After Yanovichi Liozno seemed to us almost Paris. All the streets were paved - this fact shocked me. At first we had no place for living. But later aunt Sifra and her family moved to Leningrad, and we lodged in her house. Her house was small and not very comfortable, therefore father dreamed to move to more suitable lodging. Soon we managed to buy our own house. It was situated not in the most Jewish district of the city, our neighbors were mainly Russians. Parents were always in good relations with neighbors: as they say, they did not argue about borders, but inter nos they spoke about neighbors not always respectfully.

Our house was not very big (we had not enough money for a bigger one), but for us it was cozy and quiet. There was stove heating and no water supply. Electricity supply appeared much later.

We had a large vegetable garden, a cow and hens. Later we even bought a pig, but only to plump it for sale (at home we never ate pork). When I grew up, it came to my mind that probably parents bought a pig to show the neighbors that they were not very religious Jews. You see, by that time Soviet authority already started struggle against religion, and it was possible to expect troubles.

When my younger brother grew up a little, Mum started working as a saleswoman in a food store. We all kept the house together. Each of us (children) had a certain task about the house, and I don't remember that some of us failed to fulfill it.

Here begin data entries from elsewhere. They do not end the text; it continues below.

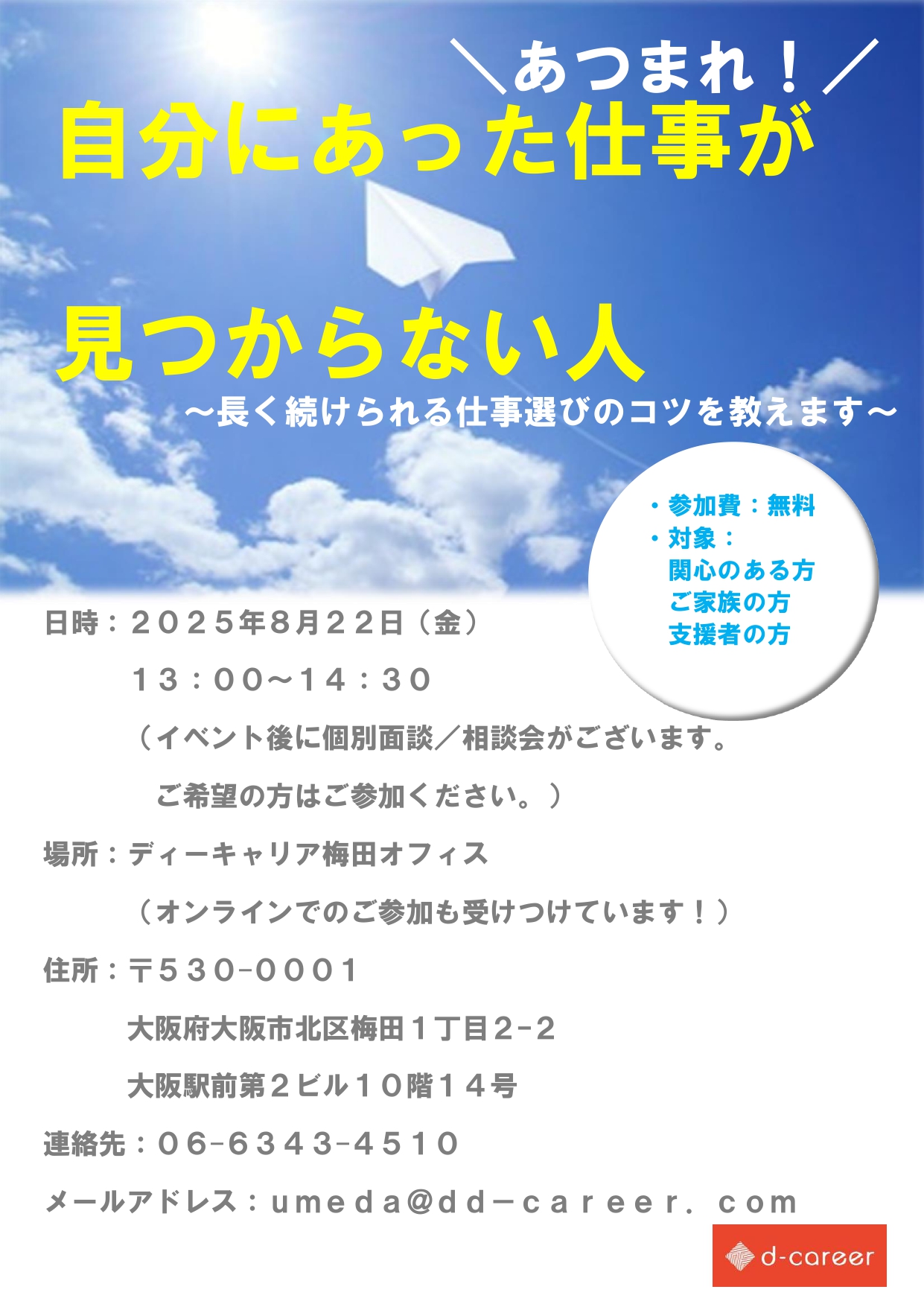 【ディーキャリア梅田オフィス】8月22日(金)「あつまれ!自分にあった仕事が見つからない人~長く続けられる仕事選びのコツを教えます~」
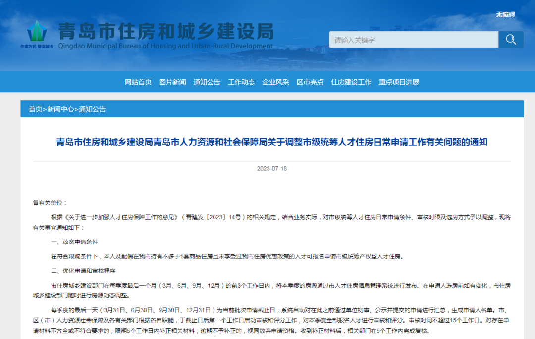 根据《关于进一步加强人才住房保障工作的意见》(青建发〔2023〕14号)的相关规定,结合业务实际,对市级统筹人才住房日常申请条件、审核时限及选房方式予以调整,现将有关事宜通知如下: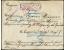 "ROPiT ATHOS" (Tschill. 181) in violet on vertical pair Russian Levante 10 k. red/green on reverse of registered envelope with frontside boxed "REGISTERED ATHOS" 1899 to Russia and returned with trans...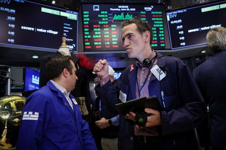 NEW YORK (Reuters) – The S&P 500 advanced on Thursday and benchmark Treasury yields hit their highest level since early March as robust economic data helped ease recession fears but increased the odds of the Fed keeping its restrictive policy in place for longer than expected.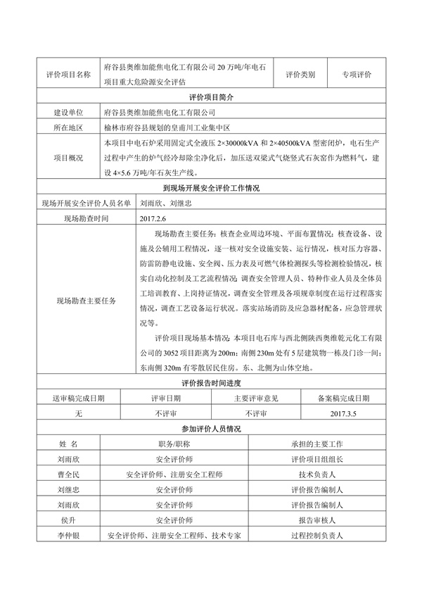 府谷縣奧維加能焦電化工有限公司20萬噸年電石項目重大危險源安全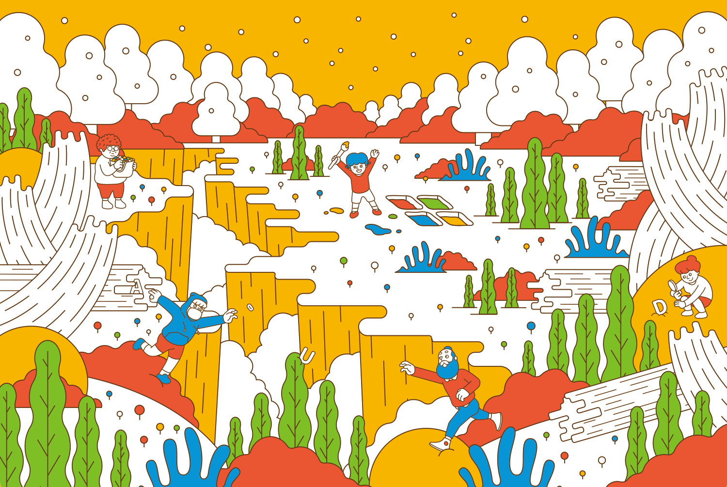 AUdience is a freelance illustrator based in Taipei, Taiwan. He has worked with major clients in Taiwan like Microsoft Taiwan, and is known for his vibrant use of colors as well as his humorous self-projection in the characters. Some of the most famous characters he has created includes the blue bearded lumberjack, and fat cat Wen-Wen (Wen meaning "kiss" in Chinese). You can see more of his work here on Facebook, Instagram, or Behance.

Two or three of father’s cousins lived in Liozno. We made friends with their children.

At home we had a lot of religious books and not many books of other kind. Most often books were brought home by my sister, who studied at a Belarus school. Her books were in Belarussian language. Later I started borrowing books at our school library.

Among us my sister was the most sociable and active. My elder brother was very clever and capable, he had pronounced aptitude for engineering. I also was not a fool, but very silent, therefore some people thought that I was unsociable. When Mum went to Torgsin stores to sell something, she took me with her, because she was sure that I would tell nobody about it. By the way, Mum never went to Torgsin stores in our city, we always went to the neighboring one. That was the way I went by train for the first time in my life. And by car I went for the first time very late in my life: probably already in the army. By the way, if we speak about technical achievements, I'd like to tell you that in our class only one boy had watches. Almost all teachers asked him 'What time is it now?' They had no watches.

In 1933 in Ukraine people were starving. We got to know about it, because in our city there appeared refugees from Ukraine, extremely famished. At our city it was a little bit better, but we had food card. People stood in lines to buy bread, and the ration decreased day by day. If we had no vegetable garden, we would not survive. We had to buy hay for our cow, and it was also not easy, because only a few owners sold it: every person keeping a cow wanted to keep hay.